He was one of the 170 IRA members who invaded the Custom House in Dublin later in May and set it alight. The destruction of the landmark, the most ambitious action in terms of scale during the War of Independence, was Eamon de Valera’s idea, says the website “The Clock is Still Going” (customhousecommemoration.com), and it made headlines worldwide. However, it was ill-conceived from a military point of view -- the IRA hadn’t gone to fight, and close to 100 of the contingent were arrested. Collins hadn’t wanted his Squad and the full-timers in the Active Service Units involved at all in the action, and now many of his key men were interned.
During the occupation of the Custom House, Conroy had shot dead a 62-year-old caretaker and British army veteran, Frank Davis, who was attempting to get word out to the authorities via the telephone. When arrested, Conroy prudently gave an assumed name, Thomas Patrick Rigney. He was released on Dec. 8, two days after the signing of the Treaty. He joined the new National Army’s Dublin Guard shortly after Dáil ratification. We hear on the podcast how the young commandant reacted to the news that his father opposed the Treaty.
As indicated in Eoin Kinsella’s “The Irish Defense Forces: 1922-2022,” which was featured in the Echo recently, the pro-Treaty National Army was in part built around the Active Service Units and the Squad loyal to Collins. (Interestingly, according to “The Clock is Still Going,” six veterans of the IRA’s Custom House action in May 1921 are known to have been killed in fighting in the 1922-23 Civil War, and all of them were members of the government’s National Army.)

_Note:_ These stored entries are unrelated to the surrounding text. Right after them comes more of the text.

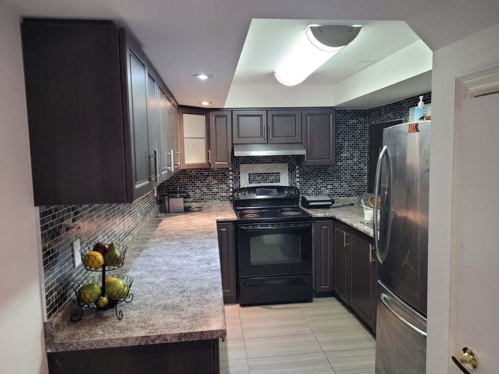 Bright & Spacious 1 Bedroom Basement Apartment In Excellent Location, Having A Large Living Room, living and dinning combined, Full-Size Beautiful Kitchen, Ensuite laundry, A Big Size Washroom With a Glass Door Standing Shower, Pot Lights, Landlord living upstairs, Close To Schools, Shopping And All Amenities Close To Mall, Bus Stop, School, Grocery Stores, Airport, Banks. Don't Miss Out This Incredible Opportunity!S/S Fridge, Stove, S/S Exhaust Hood, Ensuite Washer And Dryer, 1 Parking Spot On Driveway, Tenant Pays 30% of Utilities
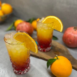 To achieve a beautiful layered effect, slowly pour 15 ml of grenadine over the back of a spoon, allowing it to sink gently through the juices.
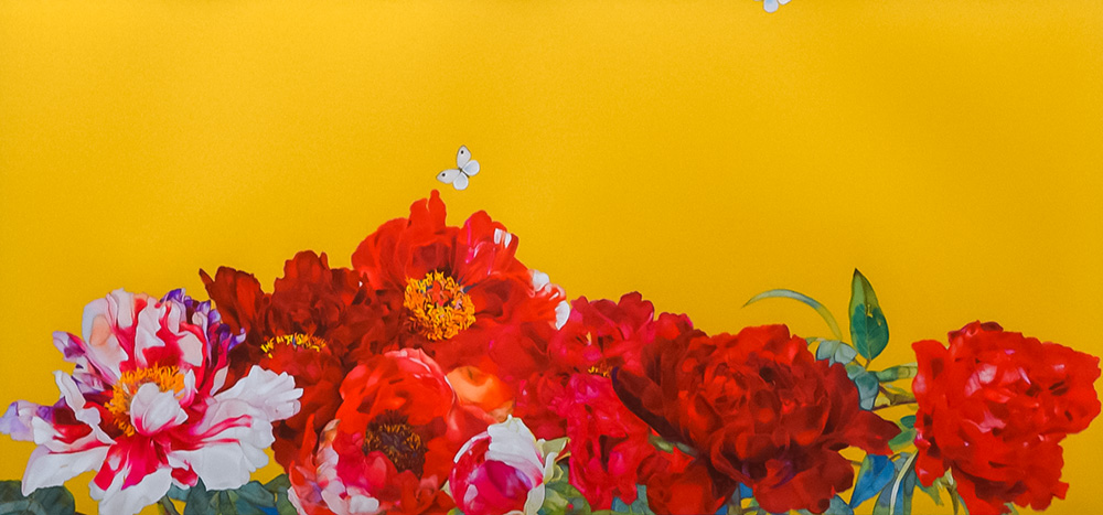 | 祖母松園の晩年暮らした奈良、平城山(ならやま)の先生のアトリエに訪れる小島たちと季節の移ろいを描いた「四季花鳥図」は、2010年にオープンした大阪新歌舞伎座の緞帳の為の原画として制作されました。 「鳥の気持ちを、声を描きたい。生命の輝き、それを謳歌する鳥の歓びを描きたい。」そんな先生の願いが込められた代表作です。 |
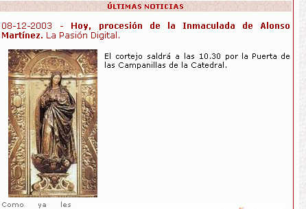 de la Inmaculada que aparece en la noticia de la Voluntariosa Web Empresarial
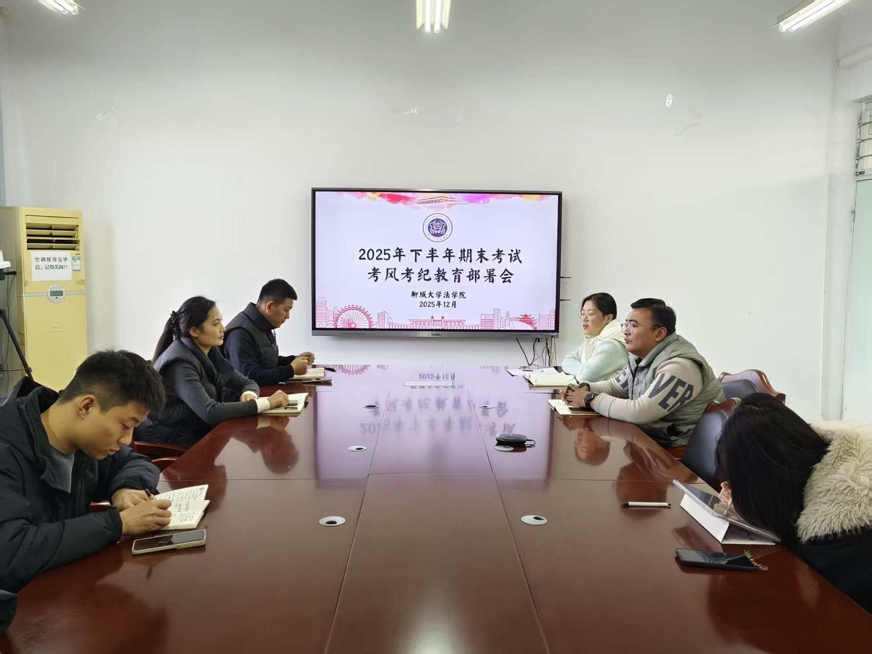 为严明期末考纪,维护考试公平,12月24日,英国上市365于西校区10#B507召开2025年下半年期末考试考风考纪教育部署会,辅导员孟冠军、李宁、马丽亚,兼职辅导员陈星宇参与本次会议。
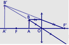 Vật AB đặt trước thấu kính hội tụ có tiêu cự f và cách thấu kính một khoảng \(OA = \dfrac{f}{2}\) cho ảnh A'B'. Ảnh A'B' có đặc điểm
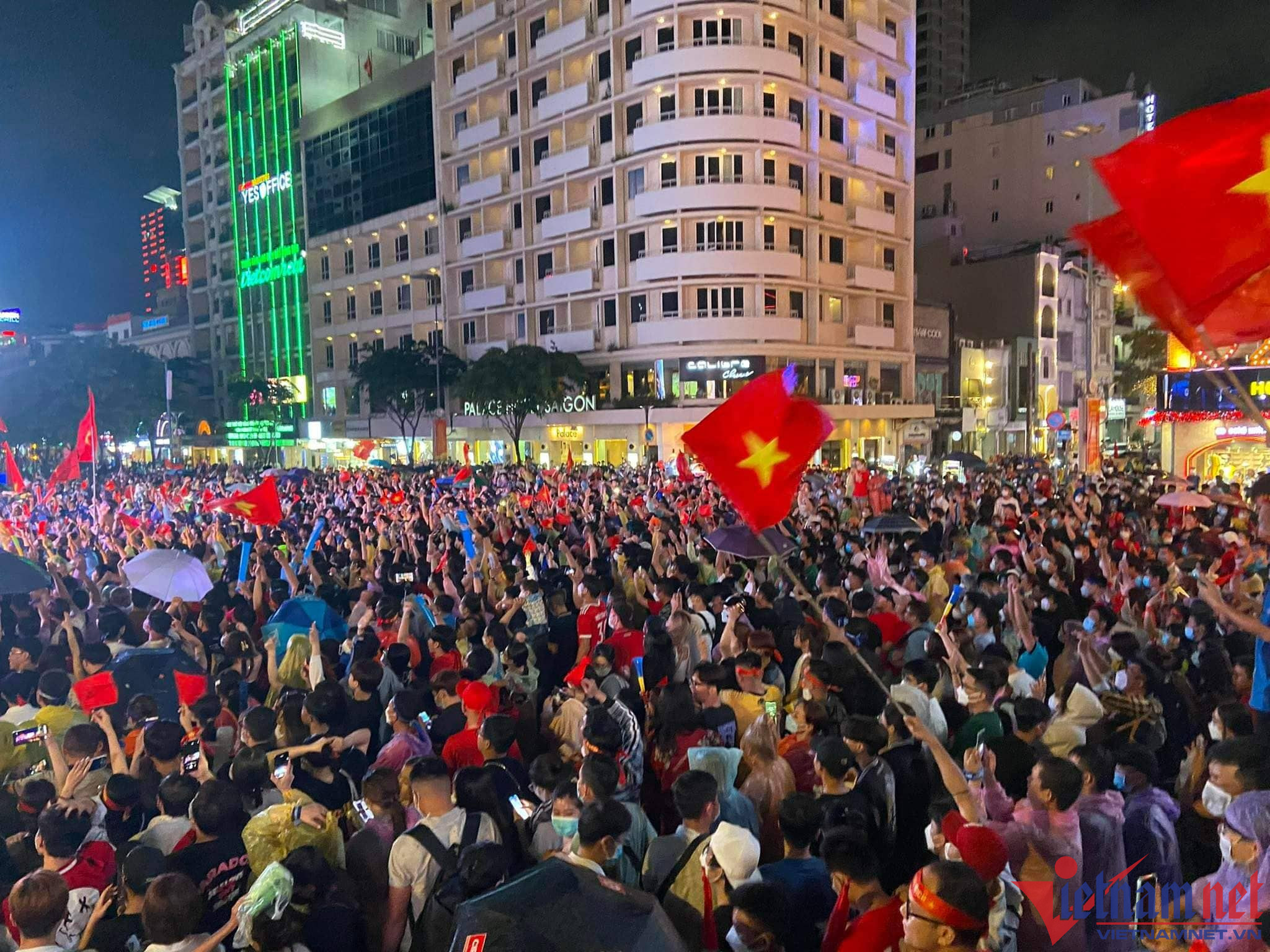 19h trận đấu mới diễn ra nhưng trước đó vài tiếng, hàng nghìn cổ động viên có mặt ở phố đi bộ Nguyễn Huệ (quận 1, TP.HCM) từ rất sớm để cổ vũ cho đội U23 Việt Nam.
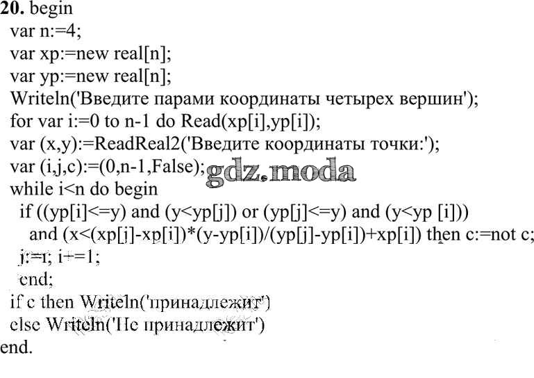 ГДЗ решение к заданию № 20 Информатика 10 класс Семакин И.Г. Бином 2017 Базовый уровень ФГОС бесплатно на гдз.мода!
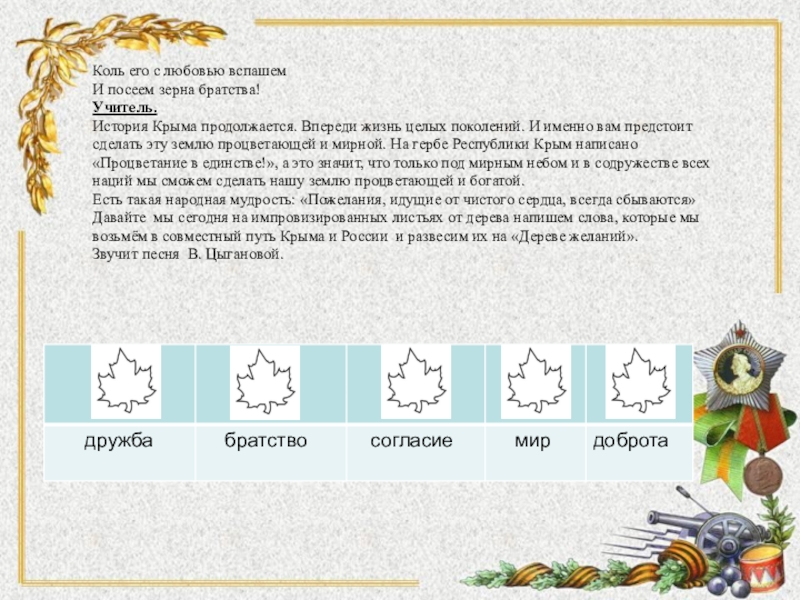 Есть такая народная мудрость: «Пожелания, идущие от чистого сердца, всегда сбываются» Давайте мы сегодня на импровизированных листьях от дерева напишем слова, которые мы возьмём в совместный путь Крыма и России и развесим их на «Дереве желаний».

On Sept. 16, the month after he was witness to the Big Fellow’s death at Beal na Blath, Conroy was part of the convoy of troops that was halted by a large landmine near Macroom, Co. Cork. The attempt to defuse it killed seven soldiers, including his close friend and fellow Squad member, Col. Tom Kehoe, who was 23. Conroy is thought to have been involved in the shooting of an IRA suspect as a reprisal, and many regular troops demanded that the Squad members of the Dublin Guard be withdrawn back to the capital.
Conroy had various assignments as commanding officer and was in a separate unit, the Special Infantry Corps, tasked with intervening in social conflicts, such as the bitter war between farmers and farm laborers in County Waterford in 1923. But he was also likely involved in the “dirty war” incidents that are the subject of the podcast series.
With the Free State up and running, and the Civil War over, it was decided in 1924 that the country couldn’t afford such a large, unwieldy army. Conroy joined the IRAO army faction that resisted the plan to demobilize most of the soldiers; it lost and the Wild Chap left soon afterwards along with many comrades.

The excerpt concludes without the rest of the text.